She did not answer immediately. She looked down at the essay paper. Her fourteen-year-old face had the same small precise set my mother's face had at the kitchen window, the same not-asking. She had been told, last week, that her father was in the hospital. She had not been told, in any detail, what for. She had not asked. She had been busy, all week, the way fourteen-year-old top-of-her-class girls were busy when they were trying not to ask the question they did not want to be told the answer to.

I waited.

She said, very quietly, "Ge, I don't know how to write about him."

"I know. That is why it is the right change to write about. Start with one small thing. The way his cough sounds different. The way he sits in the armchair now versus how he sat in it last summer. One small thing. Build the paragraph from the small thing."

"All right."

"And Xiaoyu."

"Mn?"

"You don't have to be brave about it in the essay. The teacher does not need you to be brave. The teacher needs you to be honest. *Honest* is not the same as *upset*. You can be honest and also not be upset. But you cannot be brave and also be honest. Pick honest."

She looked at me for a long beat. The fourteen-year-old face that I had spent five years not seeing in old timeline because I had been in a helmet two cities away looked back at me across the small front-room coffee table in her grade-eight school sweater with the small embroidered school crest at the chest, with her chin on her hand, with her hair in two short ponytails that she had insisted on starting to wear flat-against-her-head the day she turned fourteen and that my mother had cried about for twenty minutes in the kitchen the morning of her birthday because the two short ponytails were the haircut my mother had worn at fourteen and Xiaoyu had not known.

"Ge."

"Mn."

"You're different too."

I held her eyes.

"Mn."

"You came home this weekend."

"I'll come home next weekend."

"You don't usually come home in September."

"I do this year."

She watched me for a moment longer.

"Are you all right."

"Yes."

"Are you really all right."

"Yes."

"Will you tell me if you aren't."

I did not answer immediately.

"Yes," I said.

She nodded. She picked up the essay paper. She took it to the corner desk by the window — the small desk with the wobbling left leg my father had been meaning to fix for two years — and sat down with the back of a pencil in her teeth and crossed out the first paragraph with a single steady line.

I sat on the couch and watched her start over.

***

I left for the train at four. My mother walked me to the door. She did not put on her shoes; she stood in her house slippers on the threshold. The afternoon light came in through the open door across the small foyer. My sister, in the front room, was bent over the desk writing.

My mother handed me a small enamel-coated thermos.

"Pork rib soup. For the train."

"You did not need to."

"You did not eat enough at lunch. You will eat the soup on the train."

"Yes, Ma."

She watched me for a moment. Her face had the small particular set again.

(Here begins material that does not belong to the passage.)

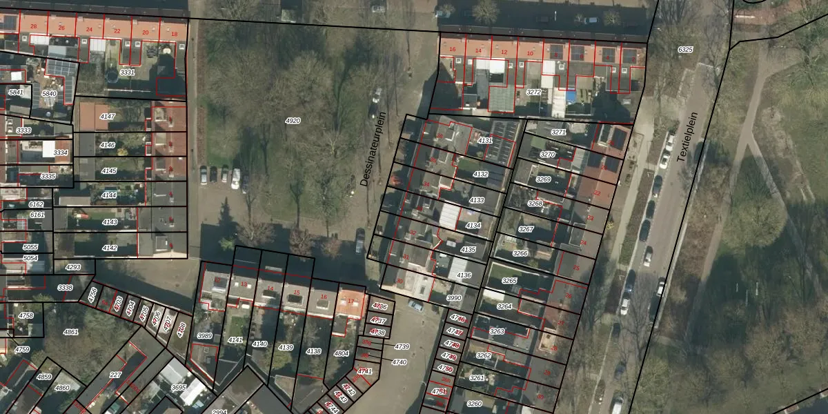 Dessinateurplein 33 is gelegen op kadastraal perceel TBG01O4134. Deze kadastrale aanduiding is uniek en wordt gebruikt door het Kadaster om eigendomsrechten en andere zakelijke rechten vast te leggen. Het perceel maakt onderdeel uit van de kadastrale gemeente Tilburg.

She was, I knew, deciding whether to say a thing.

She said it.

"Cangtian."

"Mn."

"I am very glad," she said, "that you are taking care of us. I want you to know that I see it."

I did not move for a heartbeat. I had not expected the line. My mother, in old timeline, had never said anything close to that line in any of the three or four months in old timeline when the small ground beneath her had been collapsing without my noticing. She had said other things. She had not said this.

I said, "Ma, you don't have to—"

"I see it. I am only telling you. Go." She made a small shooing motion with the back of her hand. "Catch the train. Eat the soup."

I went.

At the corner of Pingjiang Road, twenty meters from the door, two arms came around me from behind without warning. The arms were the precise length and the precise pressure of a fourteen-year-old's arms when they were applied for the maximum-deniability double-second hug.

"Bye, ge."

"Bye, Xiaoyu."

She let go. She ran back toward the door without looking back. She had a fold of money, two folded one-hundred-yuan notes, sticking very visibly out of the breast pocket of her school sweater that she was, very obviously, going to deny knowing about when she got back to her desk and discovered it had been planted there. I had planted it during lunch when I had reached past her to take a piece of tofu.

She would find it. She would look at it. She would not say anything to my mother. She would put it in the small box at the back of her desk drawer that I knew about because she had thought, all of my old timeline, that I had not known about it. She would save it for the school book fair next month.

I caught the train.

On the train I sat by the window and ate the pork rib soup out of the enamel thermos with the small plastic spoon. The soup was hot. The spoon was the spoon Xiaoyu had used at six years old, which my mother had kept and which she gave to me with the thermos every time I went back to Hangzhou. I ate it slowly. I watched the late afternoon flatten out across the rice fields between Suzhou and Hangzhou into long pale gold panels.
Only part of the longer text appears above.